# Help from Experts – Cheap 5hp 2Stg MTD 2005ish Stalling



## evh (Jun 22, 2015)

So I picked this up because it visually looked good and it appeared to have very low hours. My guess is < 10 hours of use. I went through all of it and didn’t notice any major issues. I cleaned the carb of course. I could tell someone had been into it before.

The only money I put into it were some new skid shoes. The rest had very little wear on it.

I did some research and this is a very cheap MTD sold at Walmart in its day. It has a 5hp Tecumseh and 24” bucket. This has the normal friction plate drive, not the cheaper brass gear transmission that operated with a single bail like a lawn mower.

I did the impeller mod and it appears to throw snow quite well. This issue is it seems to bog down too easily and will stall. When it stalls I have to prime/choke it to get it started. I have attached a link to a video that shows this. SB2Forum.mov

You can see it stall at the end of the driveway, I try to start with a single pull. Then have to prime on and turn on the choke. I thought it could be a fuel cap issue, but further testing rules that out. I was wondering if it was too lean but there is now glowing muffler or back firing. I included a pic of the spark plug as well. Or is maybe this normal with only a 5hp and 24” cut? Thoughts?


----------



## db130 (Feb 16, 2013)

I know you said you cleaned the carb, but does its carburetor have a fixed main jet? If so, you might want to try cleaning the main jet, especially the small hole that is hard to see:


----------



## carguy20 (Feb 8, 2021)

It could just be bogging down. 5hp and a 24 inch bucket is a little weak. I think that you may have a small fuel issue, could be leaning out a little bit and cant get enough gas when it wants to rev up to handle the load.


----------



## evh (Jun 22, 2015)

Yes, I am trying to figure out if this behavior is normal. I also wondered if the impeller kit added too much weight? Note, the kit does not rub on the housing. I did clean the carb as shown, but I am going back into it today. We have the potential for a lot of snow this week. Thx.


----------



## Oneacer (Jan 3, 2011)

New carbs are like 11-13.00 .... or take that back off and try to clean it better ... crap in gas possibly, or obstructed fuel delivery?


----------



## evh (Jun 22, 2015)

Oneacer I was thinking the same thing (crap in gas or obstructed delivery). However, I decided to make a bigger issue with my snow blower than what this thread is for. Click on the link at the bottom.

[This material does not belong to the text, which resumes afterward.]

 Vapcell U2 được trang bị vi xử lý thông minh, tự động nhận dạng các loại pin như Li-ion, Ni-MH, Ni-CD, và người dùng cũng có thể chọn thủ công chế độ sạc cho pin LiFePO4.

Anyhow, here is what I noticed before I broke the engine (again, see link at the bottom). I went to drain the fuel and the clamp wasn't covering the hose where the hose covers the plastic nipple, it was down from that. That made the hose a little more angled from the end of the nipple. Also, when gas was draining out of the nipple on the tank, it didn't seem fast enough (cap was removed). I stuck a ice pick up through the nipple and it came out faster after that so there was some small obstruction in the tank. Gas was 100% clean. Maybe the angled hose or small obstruction was my problem. 

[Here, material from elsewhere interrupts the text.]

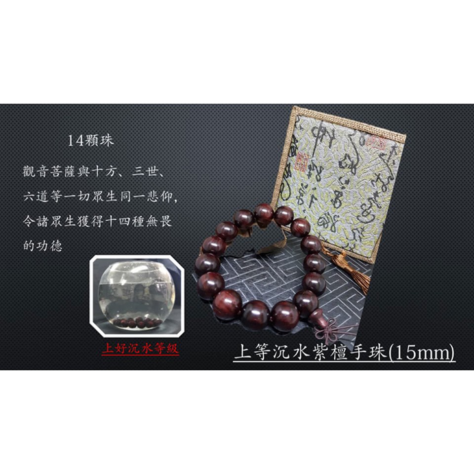 【菩提居】上等沉水紫檀手珠(15mm)|招財聚氣|避邪化煞|強化磁場|

Anyhow, focusing on the bent exhaust valve.....










Compression Testing - Learn from my huge mistake - Duh!


Ok, maybe some of you know what I did just by the title. Some of you may have to read it and it will likely click before the end. Sharing so others don't do this. I was trying to resolve an issue I had with this post...




www.snowblowerforum.com


----------



## Ziggy65 (Jan 18, 2020)

Maybe your fuel line has deteriorated internally and reducing fuel flow?


----------



## carguy20 (Feb 8, 2021)

Yikes, sorry to hear that. Was the machine a dual shaft or single shaft? If it was a single shaft, you may be able to repower with an engine from Harbor Freight for not too much money, if you don't want to fix it. You will get a boost in power as well.


----------



## evh (Jun 22, 2015)

I purchased a new Tecumseh exhaust valve for ~$13 so I will try that first. It is a single shaft. Not sure this model is worth a predator...


----------



## carguy20 (Feb 8, 2021)

If you can do the valve replacement, go for it! I know most people are not inclined to get that deep into an engine. 

I sold a dual shaft engine to a guy who did not want to do a valve job on the one he had. 

Let us know how you make out.


----------



## crazzywolfie (Jun 2, 2014)

i guess it is a bit late but you would have likely been better off taking that $13 and putting it towards a predator. those 5hp tecumseh's always seem under powered especially for a full size machine. any larger aftermarket engine would make a noticeable improvement and would likely save you money in the long run from being better on fuel. a machine that size almost needs a 6-7hp engine to perform decent. got one with a 8hp at my sisters place and it performs pretty good. being on the average line or higher is better. you really don't want something on the lightly powered line. the ones on the lightly powered lines don't age well since they really can't afford to loose any power where the ones on the well powered or average line could loose power from wear and tear and could still perform ok.


----------